Work item –
Everything in the data gets repeated exactly, except for the pictures.

Data below –
##############################
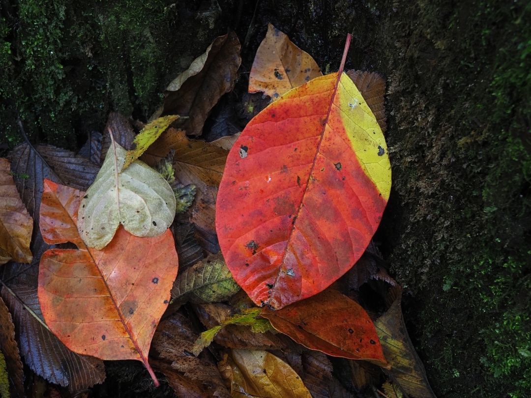 くっきりと赤と黄色に色分けされたツタウルシの落葉を見つけました。紅葉は、秋になり葉を落とす準備が始まると、日光が当たることで赤いアントシアニン色素が生成され、いっぽうで緑色のクロロフィル色素が分解されることで葉が赤くなります。葉が重なって日光が遮られていた部分は、アントシアニンが生成されないので、葉に元々含まれるカロチノイド色素で黄色くなるのです。
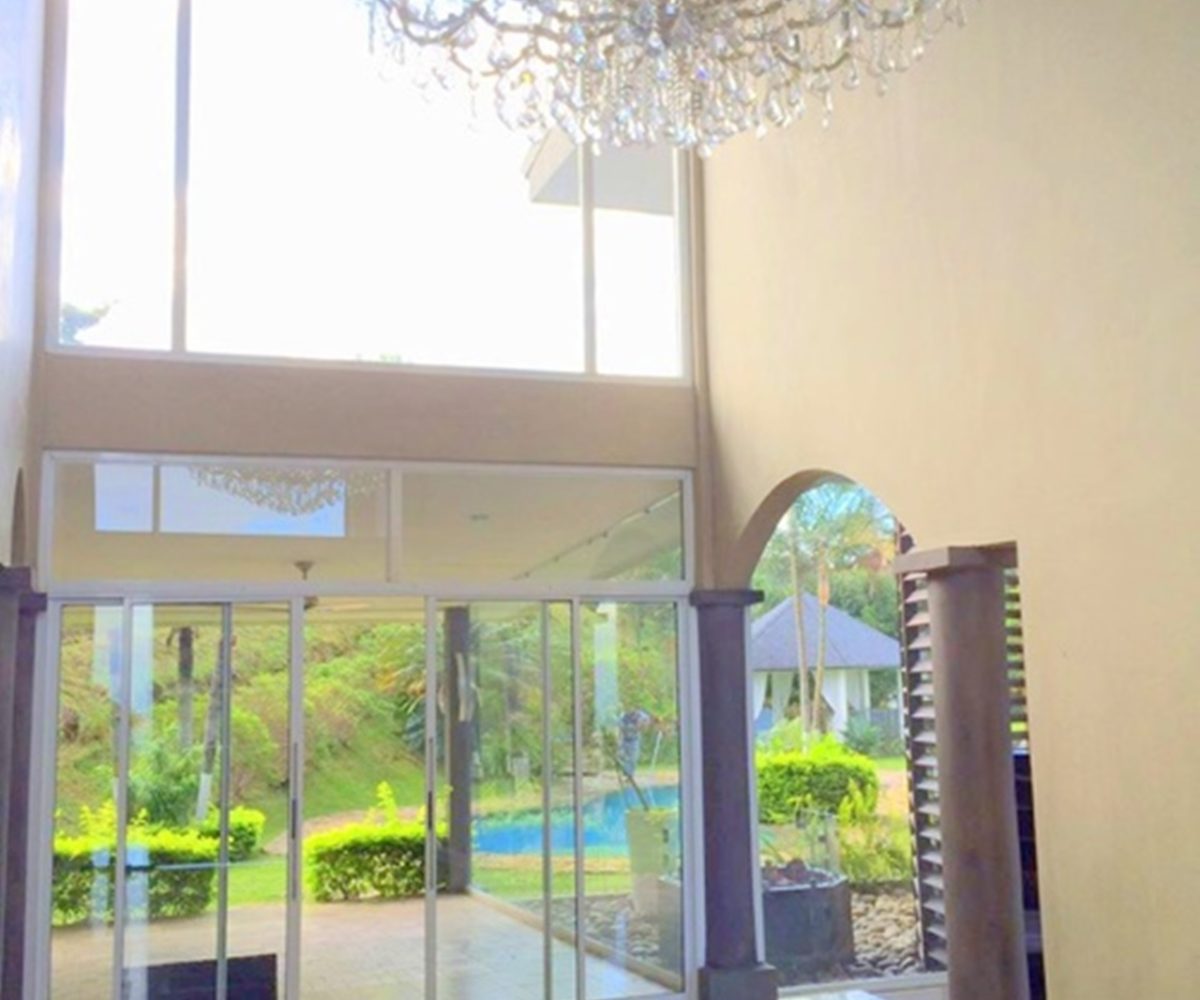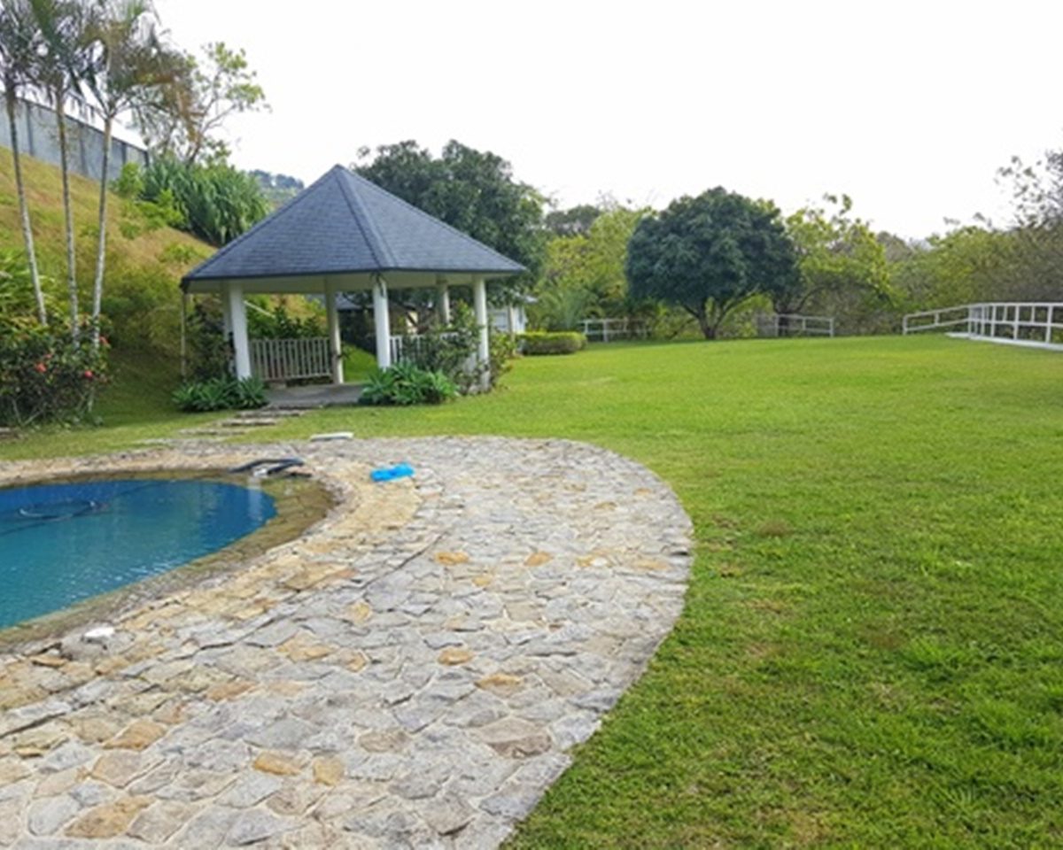 Es una casa espectacular en las montañas de Brasil de Mora, con vista 360° desde cualquier zona de la propiedad. Cuenta con 7,800m2 de terreno y 950m2 de construcción, distribuidos en 2 plantas. La casa, jardines y parqueos se encuentran ubicados en 5,000m2 totalmente planos. El resto de la propiedad, es un hermoso bosque donde se puede observar diferentes tipos de aves y árboles de gran tamaño. La residencia cuenta con una excelente distribución: En el primer piso tiene el dormitorio principal y 2 dormitorios secundarios; en el segundo piso cuenta con 2 dormitorios más, sala de TV y una sala de juego y/o área de bar. En total tiene 5 dormitorios cada uno con su baño a excepción de 2 que comparten baño. Una amplia sala comedor, cocina con antecomedor, baño de visitas, cuarto y baño de servicio, área de lavandería y garaje para dos carros con estacionamiento para 10 adicionales. Además cuenta con una gran terraza que da al jardín, que incluye una piscina, un dormitorio extra con baño y un rancho BBQ.
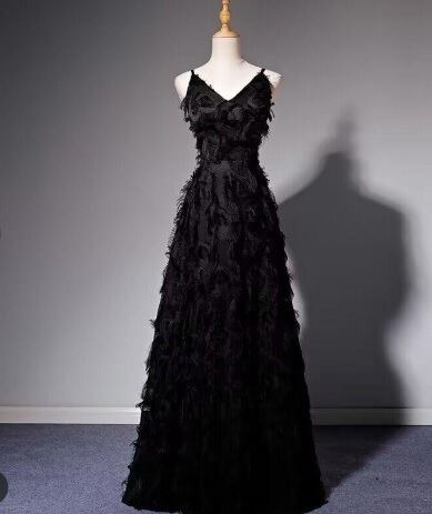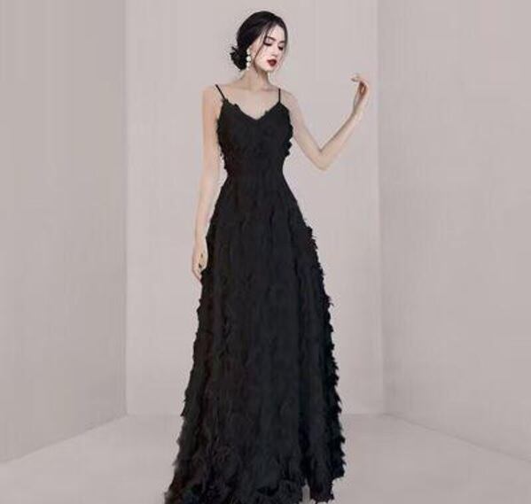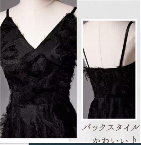 フェザー刺繡キャミソールドレス。黒地にフェザータイプの刺繍をあしらったフェミニンで清楚な印象のデザイン。パーティやイベントなど、さまざまシーンで活躍してくれる魅力的な一着です。肩ひもは長さ調整不可。背中ファスナー。裏地あり。
##############################
Reply –
 くっきりと赤と黄色に色分けされたツタウルシの落葉を見つけました。紅葉は、秋になり葉を落とす準備が始まると、日光が当たることで赤いアントシアニン色素が生成され、いっぽうで緑色のクロロフィル色素が分解されることで葉が赤くなります。葉が重なって日光が遮られていた部分は、アントシアニンが生成されないので、葉に元々含まれるカロチノイド色素で黄色くなるのです。
 Es una casa espectacular en las montañas de Brasil de Mora, con vista 360° desde cualquier zona de la propiedad. Cuenta con 7,800m2 de terreno y 950m2 de construcción, distribuidos en 2 plantas. La casa, jardines y parqueos se encuentran ubicados en 5,000m2 totalmente planos. El resto de la propiedad, es un hermoso bosque donde se puede observar diferentes tipos de aves y árboles de gran tamaño. La residencia cuenta con una excelente distribución: En el primer piso tiene el dormitorio principal y 2 dormitorios secundarios; en el segundo piso cuenta con 2 dormitorios más, sala de TV y una sala de juego y/o área de bar. En total tiene 5 dormitorios cada uno con su baño a excepción de 2 que comparten baño. Una amplia sala comedor, cocina con antecomedor, baño de visitas, cuarto y baño de servicio, área de lavandería y garaje para dos carros con estacionamiento para 10 adicionales. Además cuenta con una gran terraza que da al jardín, que incluye una piscina, un dormitorio extra con baño y un rancho BBQ.
 フェザー刺繡キャミソールドレス。黒地にフェザータイプの刺繍をあしらったフェミニンで清楚な印象のデザイン。パーティやイベントなど、さまざまシーンで活躍してくれる魅力的な一着です。肩ひもは長さ調整不可。背中ファスナー。裏地あり。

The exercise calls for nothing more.